Range to repeat from the listing below: the line containing "Mark oversees Jacob" down to the line containing "このネチズンは南‧北‧米首脳", both included. Copy it exactly, pictures excluded, and add nothing else.
** Opening Entries provided block **
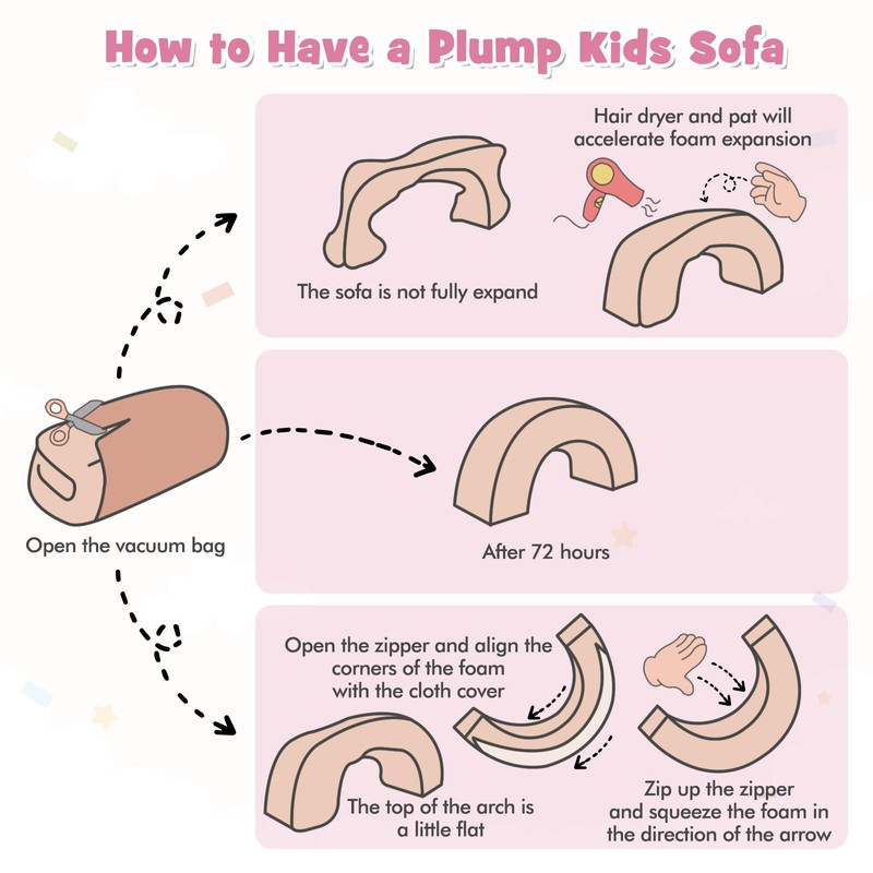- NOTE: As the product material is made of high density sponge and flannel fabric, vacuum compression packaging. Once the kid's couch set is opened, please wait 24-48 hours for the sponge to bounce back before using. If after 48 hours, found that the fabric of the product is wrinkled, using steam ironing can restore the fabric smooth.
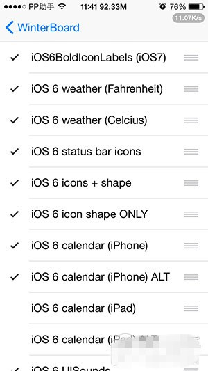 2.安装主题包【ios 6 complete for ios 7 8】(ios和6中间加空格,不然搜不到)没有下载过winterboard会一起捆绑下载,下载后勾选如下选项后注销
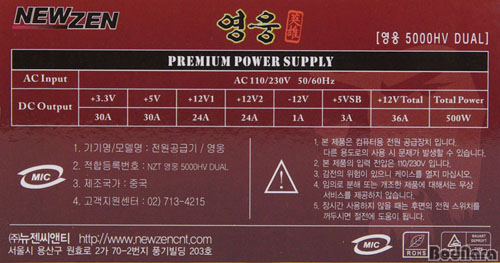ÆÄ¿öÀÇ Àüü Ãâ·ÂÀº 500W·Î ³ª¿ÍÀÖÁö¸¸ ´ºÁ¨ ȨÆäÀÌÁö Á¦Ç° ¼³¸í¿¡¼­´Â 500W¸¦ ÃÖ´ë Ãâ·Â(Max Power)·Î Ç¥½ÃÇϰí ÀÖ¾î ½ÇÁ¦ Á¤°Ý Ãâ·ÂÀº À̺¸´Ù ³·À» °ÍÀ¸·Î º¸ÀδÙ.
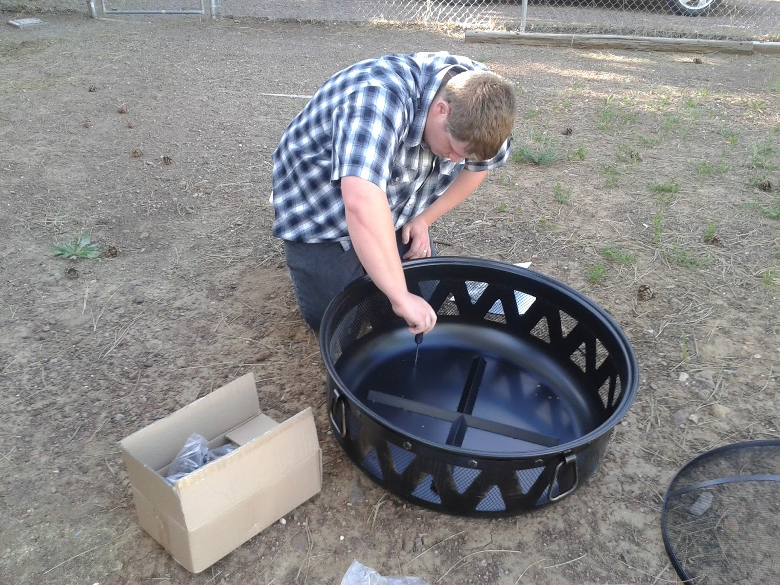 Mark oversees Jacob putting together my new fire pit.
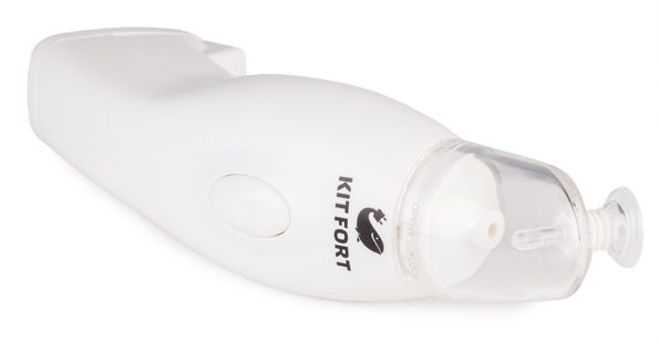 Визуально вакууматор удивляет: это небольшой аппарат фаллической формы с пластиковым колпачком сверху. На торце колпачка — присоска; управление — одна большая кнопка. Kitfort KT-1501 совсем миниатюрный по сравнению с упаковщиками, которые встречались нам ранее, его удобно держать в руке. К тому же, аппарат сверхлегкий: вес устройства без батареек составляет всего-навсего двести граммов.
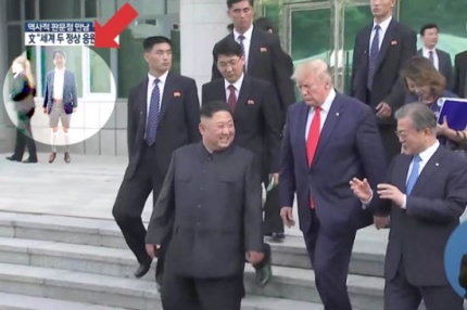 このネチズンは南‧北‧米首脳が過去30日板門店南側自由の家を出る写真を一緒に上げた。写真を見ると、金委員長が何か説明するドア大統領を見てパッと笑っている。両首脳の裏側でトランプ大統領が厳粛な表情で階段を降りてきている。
** Closing Entries provided block **
** Opening Entries provided block **
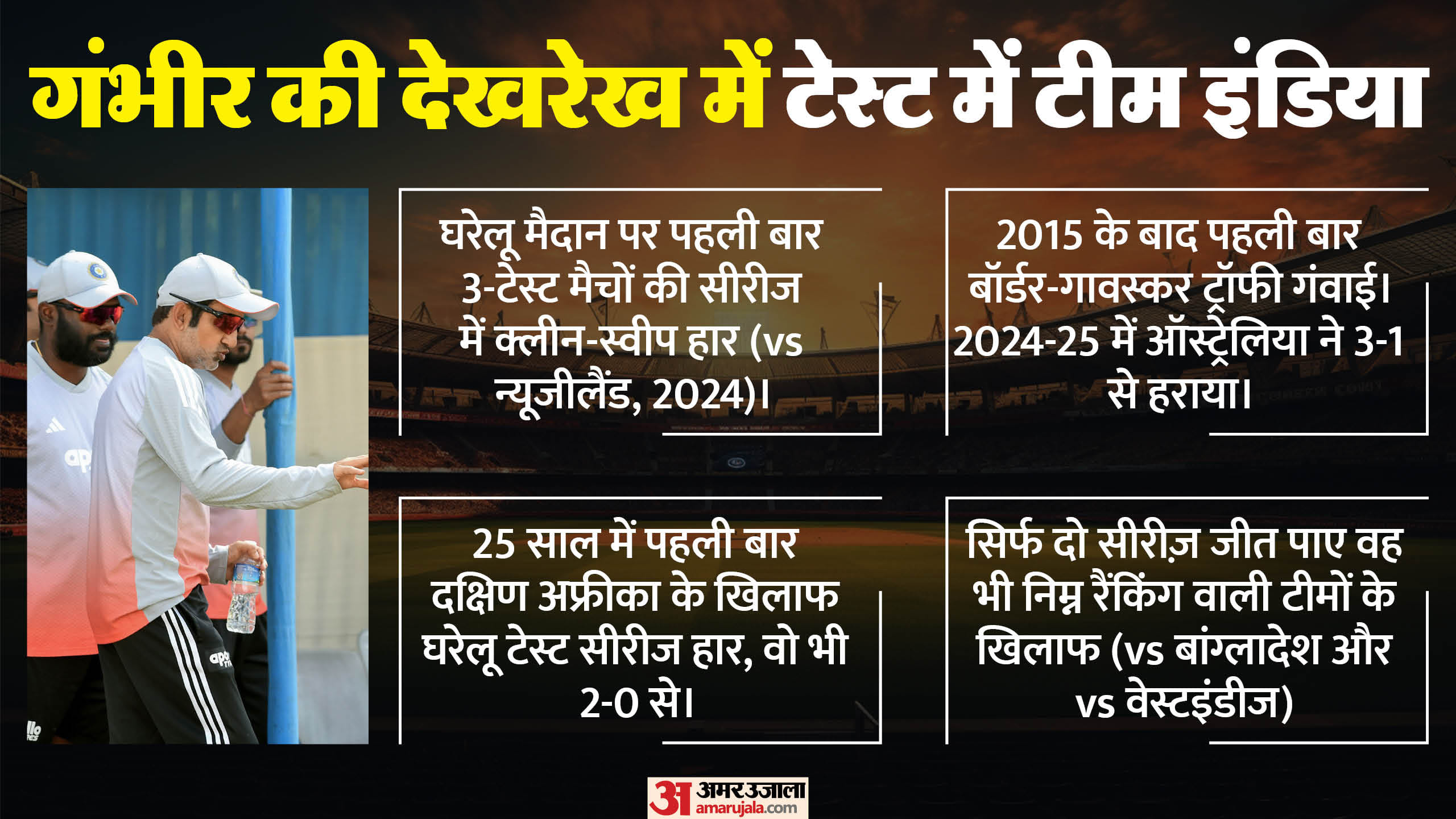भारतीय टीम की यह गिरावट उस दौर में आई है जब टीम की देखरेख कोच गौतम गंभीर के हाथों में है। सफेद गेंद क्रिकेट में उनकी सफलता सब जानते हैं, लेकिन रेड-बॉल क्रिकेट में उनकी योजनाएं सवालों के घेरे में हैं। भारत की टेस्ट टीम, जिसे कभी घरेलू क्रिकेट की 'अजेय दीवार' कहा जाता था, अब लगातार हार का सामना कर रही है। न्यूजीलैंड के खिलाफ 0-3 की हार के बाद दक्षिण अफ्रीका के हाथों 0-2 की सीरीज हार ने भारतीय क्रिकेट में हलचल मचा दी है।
** Closing Entries provided block **
**Solution to this problem:**
 Mark oversees Jacob putting together my new fire pit.
 Визуально вакууматор удивляет: это небольшой аппарат фаллической формы с пластиковым колпачком сверху. На торце колпачка — присоска; управление — одна большая кнопка. Kitfort KT-1501 совсем миниатюрный по сравнению с упаковщиками, которые встречались нам ранее, его удобно держать в руке. К тому же, аппарат сверхлегкий: вес устройства без батареек составляет всего-навсего двести граммов.
 このネチズンは南‧北‧米首脳が過去30日板門店南側自由の家を出る写真を一緒に上げた。写真を見ると、金委員長が何か説明するドア大統領を見てパッと笑っている。両首脳の裏側でトランプ大統領が厳粛な表情で階段を降りてきている。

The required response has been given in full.